> [WORK ITEM] What's needed is the listing below, repeated word for word with no pictures.

> [GIVEN MATERIAL]

################

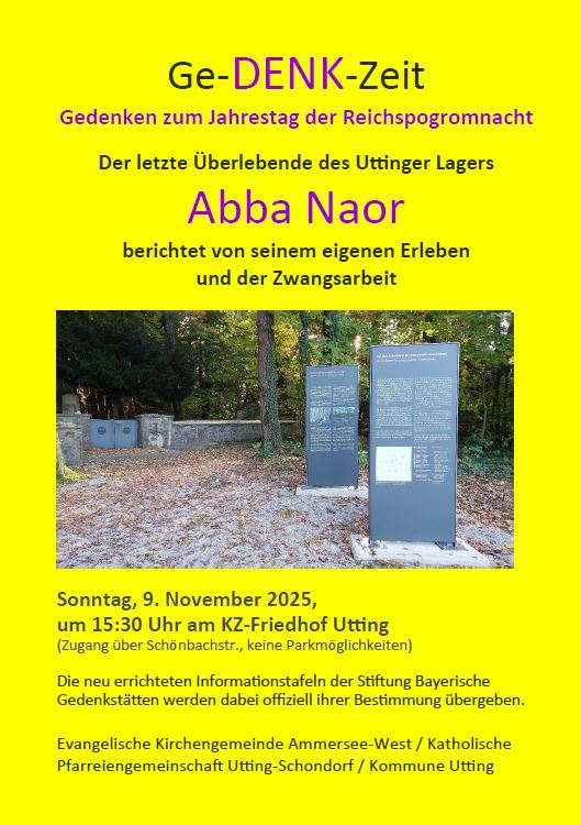 Ge-DENK-Zeit - Gedenken zum Jahrestag der Reichspogromnacht Der letzte Überlebende des Uttinger Lagers Abba Naor berichtet von seinem eigenen Erleben und der Zwangsarbeit. Sonntag, 9. November 2025, um 15:30 Uhr am KZ-Friedhof Utting (Zugang über Schönbachstraße, keine Parkmöglichkeiten) Die neu errichteten Informationstafeln der Stiftung Bayerische Gedenkstätten werden dabei offiziell ihrer Bestimmung übergeben. Evangelische Kirchengemeinde Ammersee-West […] |
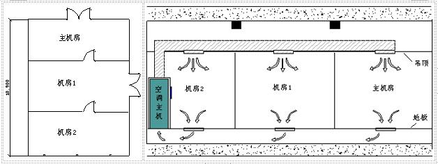 如下圖所示,若三個(gè)房間從吊頂?shù)降匕宥疾捎锚?dú)立的空調(diào)系統(tǒng),那么將機(jī)房1和機(jī)房2劃作一個(gè)區(qū)域或劃為兩個(gè)單獨(dú)滅火區(qū)都是可行的。但如果采用一臺(tái)精密空調(diào)為三個(gè)房間服務(wù)且為“上送風(fēng),地板下回風(fēng)”方式這三個(gè)房間就必須劃分成一個(gè)滅火區(qū)域,藥劑儲(chǔ)備應(yīng)該是上者的3倍或1.5倍,對(duì)工程的投資影響是比較大的。除過(guò)滅火劑和噴放管道布置要作為一個(gè)保護(hù)區(qū)考慮外,探測(cè)范圍也應(yīng)該分塊進(jìn)行探測(cè)但還是一個(gè)探測(cè)區(qū)域,警報(bào)區(qū)域也應(yīng)該按照一個(gè)區(qū)域來(lái)設(shè)置和聯(lián)動(dòng)。
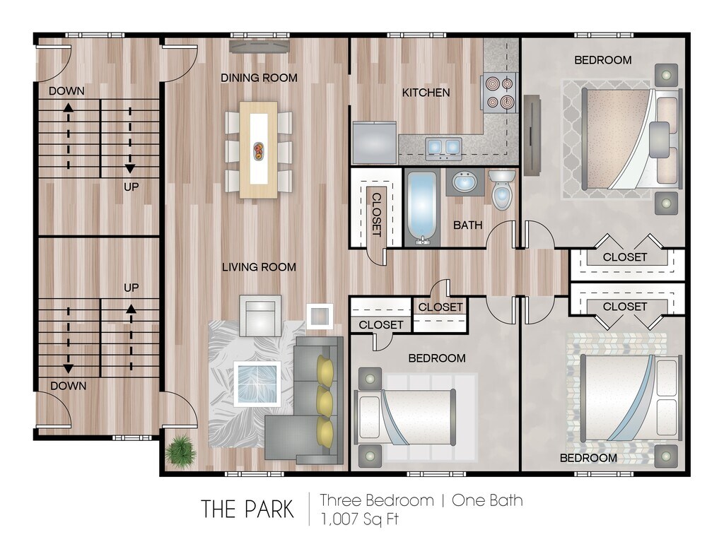 Apartment Model: The Park - 3 BedroomCall For Rates3 Bedroom, 1 Bath, 1007 sq ftUnavailable![]()
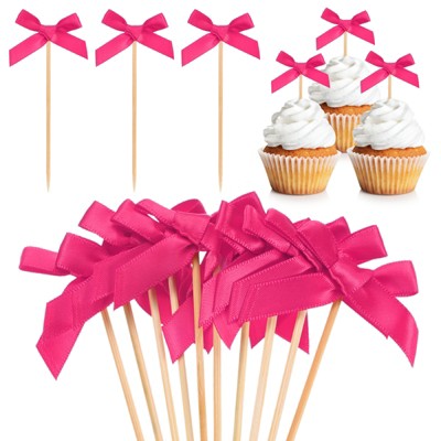 O'Creme Pink Glitter Heart Cake Toppers with Pompom or Tassel, Total 3 Pieces

################

> [SOLUTION FOR THIS PROBLEM]
 Ge-DENK-Zeit - Gedenken zum Jahrestag der Reichspogromnacht Der letzte Überlebende des Uttinger Lagers Abba Naor berichtet von seinem eigenen Erleben und der Zwangsarbeit. Sonntag, 9. November 2025, um 15:30 Uhr am KZ-Friedhof Utting (Zugang über Schönbachstraße, keine Parkmöglichkeiten) Die neu errichteten Informationstafeln der Stiftung Bayerische Gedenkstätten werden dabei offiziell ihrer Bestimmung übergeben. Evangelische Kirchengemeinde Ammersee-West […] |
 如下圖所示,若三個(gè)房間從吊頂?shù)降匕宥疾捎锚?dú)立的空調(diào)系統(tǒng),那么將機(jī)房1和機(jī)房2劃作一個(gè)區(qū)域或劃為兩個(gè)單獨(dú)滅火區(qū)都是可行的。但如果采用一臺(tái)精密空調(diào)為三個(gè)房間服務(wù)且為“上送風(fēng),地板下回風(fēng)”方式這三個(gè)房間就必須劃分成一個(gè)滅火區(qū)域,藥劑儲(chǔ)備應(yīng)該是上者的3倍或1.5倍,對(duì)工程的投資影響是比較大的。除過(guò)滅火劑和噴放管道布置要作為一個(gè)保護(hù)區(qū)考慮外,探測(cè)范圍也應(yīng)該分塊進(jìn)行探測(cè)但還是一個(gè)探測(cè)區(qū)域,警報(bào)區(qū)域也應(yīng)該按照一個(gè)區(qū)域來(lái)設(shè)置和聯(lián)動(dòng)。
 Apartment Model: The Park - 3 BedroomCall For Rates3 Bedroom, 1 Bath, 1007 sq ftUnavailable![]()
 O'Creme Pink Glitter Heart Cake Toppers with Pompom or Tassel, Total 3 Pieces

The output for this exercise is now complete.